Recently in exchange Category

A while back we managed to push through some new purchasing rules that required IT review of any IT technology purchases. This is needed, since end-user departments haven't the first clue what'll work with our existing infrastructure, and it helps us advise them of complications. For instance, if a product requires PHP on IIS for some reason, we really want to be able to let them know before they purchase that doing so will require a server purchase as well since we don't support that environment currently.

Unfortunately, a small number of things still slip through. Perhaps we didn't read the manuals enough. Perhaps a high enough manager expended sufficient political capital to Make It So. But complications can arise when we go to make the new thingy work.

A case in point:

For the last two weeks I've been attempting to get a certain package up and running that has email capabilities. This has to fit within our Exchange system, which is a rather common environment. What isn't so common, it seems, is our insistence on secure protocols for authentication. While Exchange 2007 is perfectly willing to support naked POP3 and even naked SMTP-Auth, we, on the other hand, are not so forgiving.

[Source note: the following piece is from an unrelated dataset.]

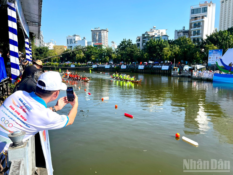 Cuộc đua nhận được sự cổ vũ của hàng nghìn khán giả hai bên bờ kênh Nhiêu Lộc-Thị Nghè.

We wisely have a security standard in place that says that all authentication traffic must be encrypted, and this prevents us from running POP3 and SMTP in a way that allows passwords in the clear.

This package has support for one SSLed service: POP3-SSL. We don't support POP3 since our users were forever screwing themselves thanks to the default of "Delete on retrieval" in most mailer clients, which kind of pissed them off when they got to the office the next morning and their mailbox was empty.

Thanks to the use of stunnel I was able to tunnel unencrypted IMAP to Exchange's IMAP-SSL port at least, so that channel got working.

Right now I'm trying to convince stunnel and the application to work together to get SMTP-TLS working. Sadly for me, I have to wait a couple of hours before the app attempts an SMTP check for me to see if it works.

On the 'up' side, we're charging this department by the hour to get this set up. So the labor bill on this will be fairly high.

It's the little things

| 1 Comment | No TrackBacks
My attention was drawn to something yesterday that I just hadn't registered before. Perhaps because I see it so often I didn't twig to it being special in just that place.

Here are the Received: headers of a bugzilla message I got yesterday. It's just a sample. I've bolded the header names for readability:
Received: from ExchEdge2.cms.wwu.edu (140.160.248.208) by ExchHubCA1.univ.dir.wwu.edu (140.160.248.102) with Microsoft SMTP Server (TLS) id 8.1.393.1; Tue, 15 Sep 2009 13:58:10 -0700
Received: from mail97-va3-R.bigfish.com (216.32.180.112) by
ExchEdge2.cms.wwu.edu (140.160.248.208) with Microsoft SMTP Server (TLS) id 8.1.393.1; Tue, 15 Sep 2009 13:58:09 -0700
Received: from mail97-va3 (localhost.localdomain [127.0.0.1]) by mail97-va3-R.bigfish.com (Postfix) with ESMTP id 6EFC9AA0138 for me; Tue, 15 Sep 2009 20:58:09 +0000 (UTC)
Received: by mail97-va3 (MessageSwitch) id 12530482889694_15241; Tue, 15 Sep 2009 20:58:08 +0000 (UCT)
Received: from monroe.provo.novell.com (monroe.provo.novell.com [137.65.250.171]) by mail97-va3.bigfish.com (Postfix) with ESMTP id 5F7101A58056 for me; Tue, 15 Sep 2009 20:58:07 +0000 (UTC)
Received: from soval.provo.novell.com ([137.65.250.5]) by
monroe.provo.novell.com with ESMTP; Tue, 15 Sep 2009 14:57:58 -0600
Received: from bugzilla.novell.com (localhost [127.0.0.1]) by soval.provo.novell.com (Postfix) with ESMTP id A56EECC7CE for me; Tue, 15 Sep 2009 14:57:58 -0600 (MDT)
For those who haven't read these kinds of headers before, read from the bottom up. The mail flow is:
  1. Originating server was Bugzilla.novell.com, which mailed to...
  2. soval.provo.novell.com running Postfix, who forwarded it on to Novell's outbound mailer...
  3. monroe.provo.novell.com, who attempted to send to us and sent to the server listed in our MX record...
  4. mail97-va3.bigfish.com running Postfix, who forwarded it on to another mailer on the same machine...
  5. mail97-ca3-r running something called MessageSwitch, who sent it on to the internal server we set up...
  6. exchedge2.cms.wwu.edu running Exchange 2007, who send it on to the Client Access Server...
  7. exchhubca1.univ.dir.wwu.edu for 'terminal delivery'. Actually it went on to one of the Mailbox servers, but that doesn't leave a record in the SMTP headers.
Why is this unusual? Because steps 4 and 5 are at Microsoft's Hosted ForeFront mail security service. The perceptive will notice that step 4 indicates that the server is running Postfix.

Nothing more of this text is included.